The distinction between employees and independent contractors is replete with grey areas but could hardly be more important. The Supreme Court gave authoritative guidance on the issue in ruling on the case of numerous bank workers who claimed to have been sexually assaulted by a doctor during pre-employment health checks.
At the bank’s behest, the self-employed doctor carried out medical assessments of prospective employees. The bank arranged the appointments and paid him a fee for each confidential report that he prepared. He did not receive a retainer and carried out the unchaperoned examinations in a consulting room at his home.
No fewer than 126 alleged victims who were examined by the doctor claimed that he had sexually molested them. They launched damages claims against the bank, arguing that it bore indirect, or vicarious, liability for the doctor’s misconduct. The doctor himself had been dead for some years. A judge found that the bank’s vicarious liability had been established and that ruling was subsequently upheld by the Court of Appeal.

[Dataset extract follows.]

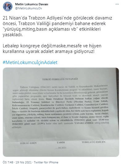 Metin Lokumcu Davası için açılan sosyal medya hesabından yapılan açıklamada karara tepki gösterilerek “Lebalep kongreye değil; maske, mesafe ve hijyen kurallarına uyarak adalet aramaya gidiyoruz! #MetinLokumcuİçinAdalet” denildi.

In upholding the bank’s challenge to the latter ruling, the Supreme Court noted that, in order for one person to be held indirectly liable for the wrongdoing of another, there must be a sufficiently proximate relationship between them so as to render it proper for one to pay for the fault of the other. The relationship between employer and employee has historically been viewed as passing that test.
The doctor was not a bank employee and operated as an independent contractor, but the alleged victims argued that his relationship with the bank was nevertheless akin or analogous to employment and that it would be fair, just and reasonable to hold the bank vicariously liable for his alleged unlawful acts.
The Court, however, found that the doctor was not at any time even close to being an employee of the bank. He was in business as a medical practitioner on his own account and, although the bank arranged the examinations and chose the questions it wanted answered, it was merely one of his clients. Their relationship was no closer to employment than that between a company and an auditor, or a householder and a window cleaner.
No doubt carrying his own medical liability insurance, the doctor was not obliged to accept a certain number of referrals from the bank and was free to refuse to conduct a requested examination. The Court concluded that the bank was not vicariously liable for any assaults that the doctor might be proved to have perpetrated.